Stone's "W" Easier On Bush Than Expected

The life of a president is usually portrayed on film years after he leaves office.

But with his new movie, "W," opening Friday, Oscar-winning director and screenwriter Oliver Stone explores the presidency of George W. Bush while he's still in the White House.

On The Early Show Tuesday, co-anchor Harry Smith noted that someone who attended a screening of "W" with Smith left remarking that the film seemed "so sympathetic."

"I think there's confusion between sympathy and empathy," Stone said. "Empathy means understanding and, as a dramatist, it's my job to understand, to walk in the shoes of George W. Bush as best as I can.

"Sympathize, no. I do think he's hurt this country. I'm a Vietnam veteran. We should not have gone into the Iraq war. We were in three wars, not only Afghanistan and Iraq but, really, the war on terror is a major war. We've had an economic meltdown because of it, partly because of the overreach. And this country is in a very dire place, and I'm not happy about it. But, you know, people voted for him."

Stone pointed out, "I'm not the judge. I'm the dramatist. I'm putting out this story. It's one of the most incredible stories of the last 20 years. This guy, who is an improbable president, he came from very strange roots. And he's shaped and changed the world in these last eight years in ways that were inconceivable. He spoke for himself, the administration.

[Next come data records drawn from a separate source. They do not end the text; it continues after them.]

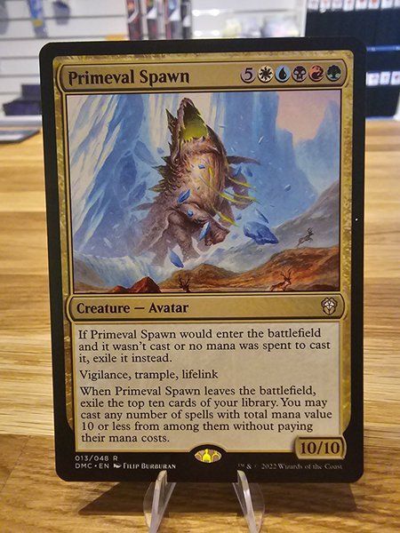 Kortet "Primeval Spawn" är ett legendariskt varelse-kort av typen Avatar. Det har en manakostnad på 5 generisk mana, 1 vit mana, 1 blå mana, 1 svart mana, 1 röd mana och 1 grön mana. Kortet har förmågorna Vigilance, Trample och Lifelink. När Primeval Spawn kommer in på slagfältet och inte har blivit castat eller om ingen mana spenderades för att casta det, exilera det istället. När Primeval Spawn lämnar slagfältet, exilera de översta tio korten från ditt bibliotek. Du får sedan casta valfritt antal trollformler med ett totalt manavärde på 10 eller mindre från bland dem utan att betala deras manakostnader. Kortet har styrkan 10 och tåligheten 10.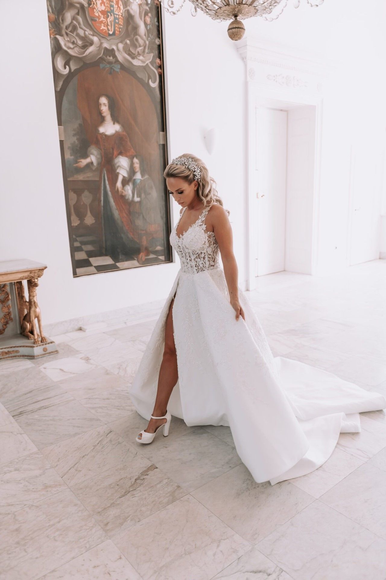 Trouwjurk Sharon is een A-lijn jurk met een mooie split. De trouwjurk is gemaakt van een transparant body die volledig bewerkt is met kant en transparante steentjes. De rok is gemaakt van mooie satijn dat verhard is zodat de plooien mooi blijven staan. Deze trouwjurk A-lijn is een perfect mix van mooi, sexy en elegant.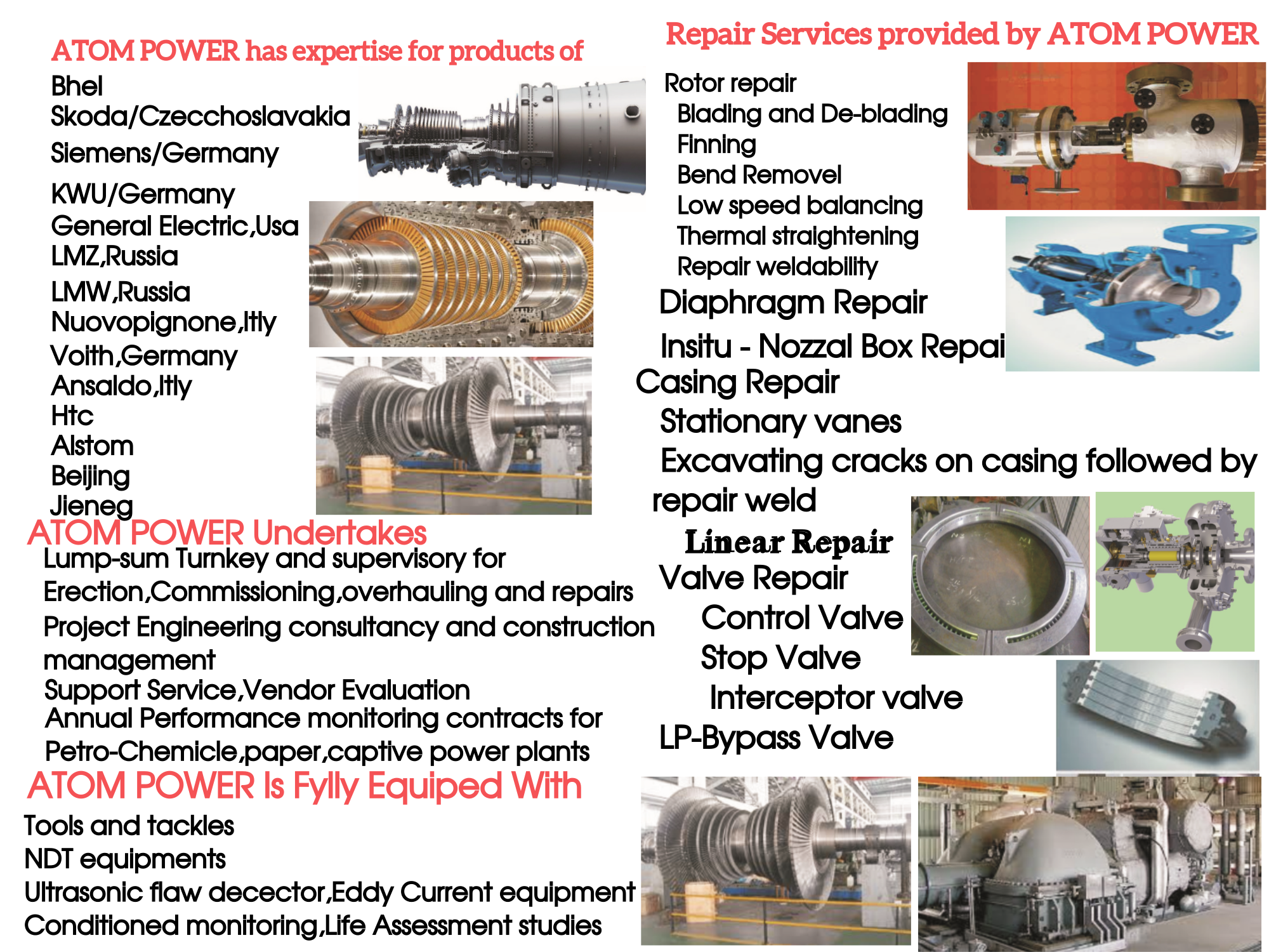 At ATOM POWER ,Single largest pool with highly experienced BHEL,NTPC,L&T,GE,Siemens and power utilities like MAHAGENCO Engineers having collective experience of over 500 man-years in Energy sector Highly experienced team on all make and type of TG Sets Quality of work maintained to OEM standards at considerable low cost. A very reliable service organization with prompt response. Reverse Engineering of high cost components with strong ability to blend technologies. Professionally managed Company blending best practices of organizations like BHEL, GE.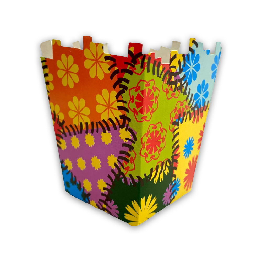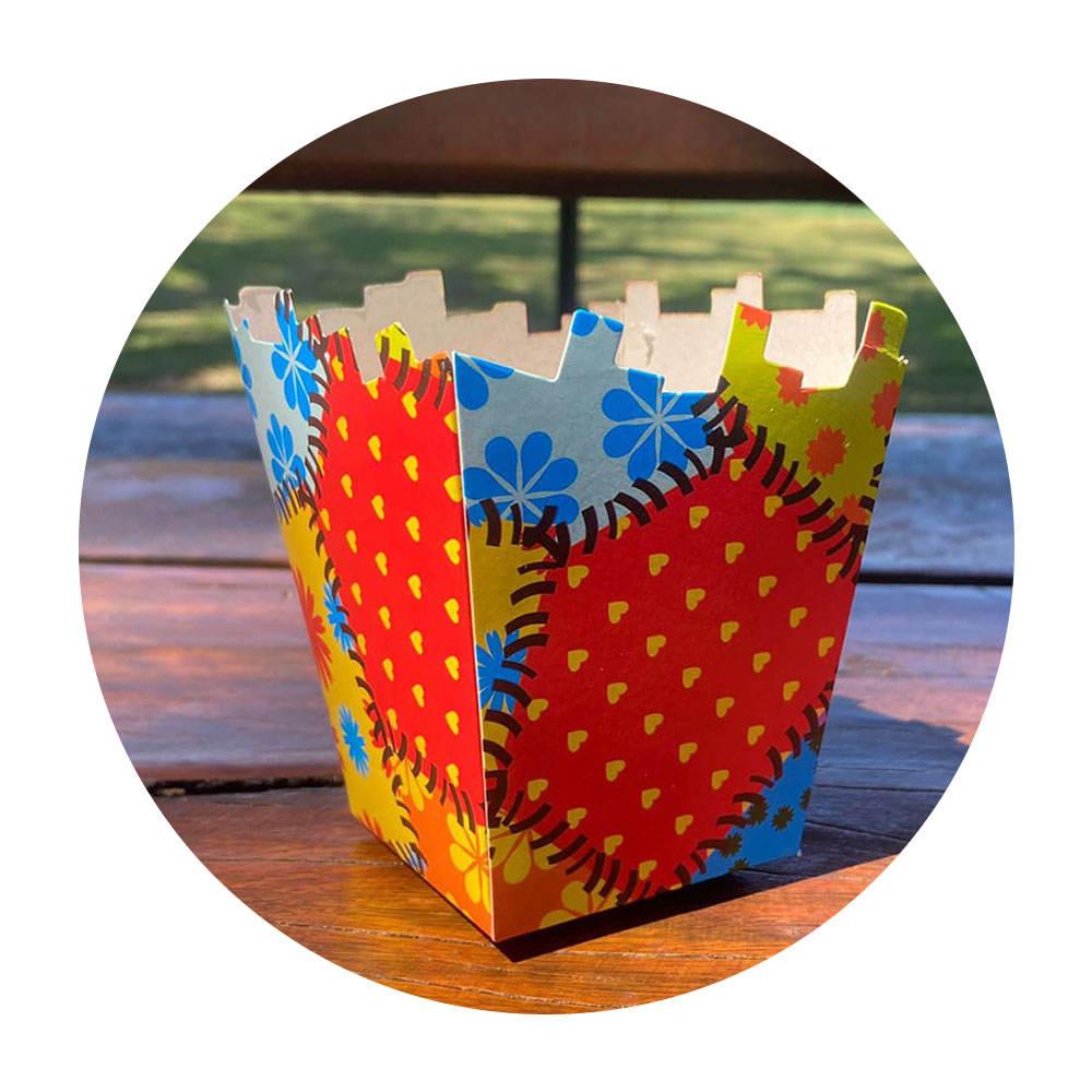 Cachepot Junino Retalho com 6 Unidades Colorido Festa Junina é ideal para arranjos de mesa para decoração de festa junina, caixinha para pipocas e doces!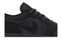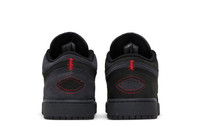 The Air Jordan 1 Low SE Craft GS 'Dark Smoke Red' delivers complementary shades of black and dark grey on the leather and suede upper, featuring a breathable nylon tongue with embroidered Jumpman branding. Contrast red stitching traces the embossed Wings logo that decorates the back heel. The low-top is mounted on a charcoal-hued rubber midsole with encapsulated Air-sole cushioning in the heel. UPPER MATERIAL Suede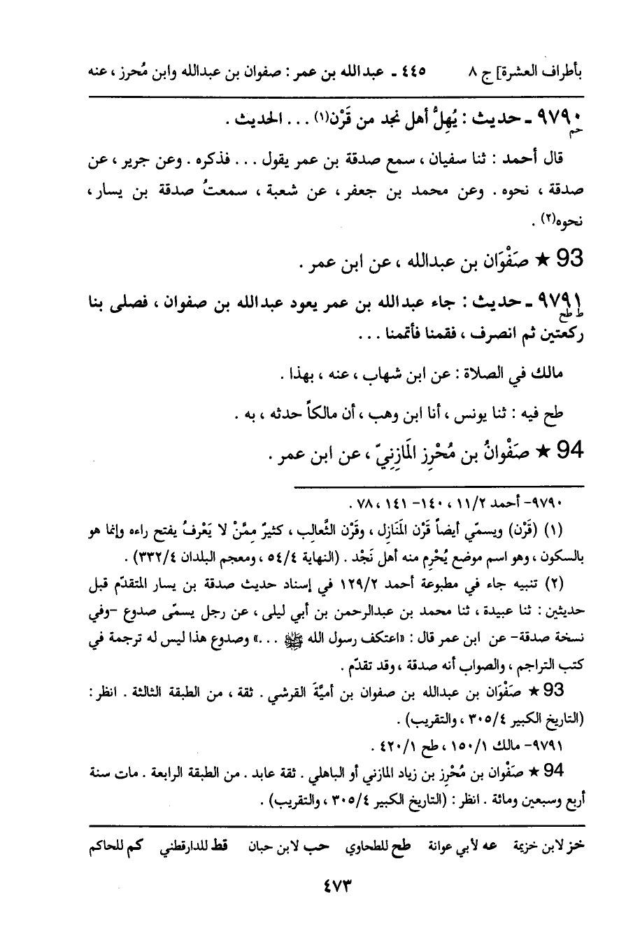 9790 - حَدِيثُ حم: " يَهِلُّ أَهْلُ نَجْدٍ مِنْ قَرْنٍ. . . " الْحَدِيثَ.

"It's not for me to -- you see the movie, you walk out and think about where we are now as a country, where we were eight years ago, and I think you come to your own conclusion."

Stone praised Josh Brolin, who played Mr. Bush, saying Brolin wasn't doing an imitation. "Josh is a wonderful actor," Stone observed. "He comes from theater. He's 40 years old. He's been through a tremendous life, much failure, like George Bush -- at the age of 40, he turned it around, George Bush. I think Josh is mature. I think he lived the role. He went into the role and he became... "

But Brolin displayed mannerisms similar to Mr. Bush, Smith asserted.

"Some," Stone replied, "but he didn't overdo it. It's easy to make fun of George Bush, and he's been an object of comedy -- for eight years, we've made fun of him. The truth is, you don't really know much about the man. People think they know him. The have opinions about him, but they haven't really walked in his steps.

"Those first three, four years of the presidency were very veiled, manufactured. Karl Rove... they kept everything... only in the last -- from about 2004, the book started to come, little by little -- (author Ron) Suskind, (Bob) woodward. They broke the ice."

Smith says, "This really is about who this person is. How he was formed, where he was formed. The Yale days. The relationship with his father. The relationship with his mother. The relaitonship with his wife."

"Yes," Stone agreed. "(All that is) crucial. It's a character study, because you wouldn't understand what happened on the march to Iraq, which is the climax of the movie. That's the third act. The first act is the recklessness of his youth and the wild times. And the second act is that governorship of Texas, owning the baseball team (the Texas rangers). You see the seeds of the man, how he develops. When he becomes president, for me, that's where the tension really pays off."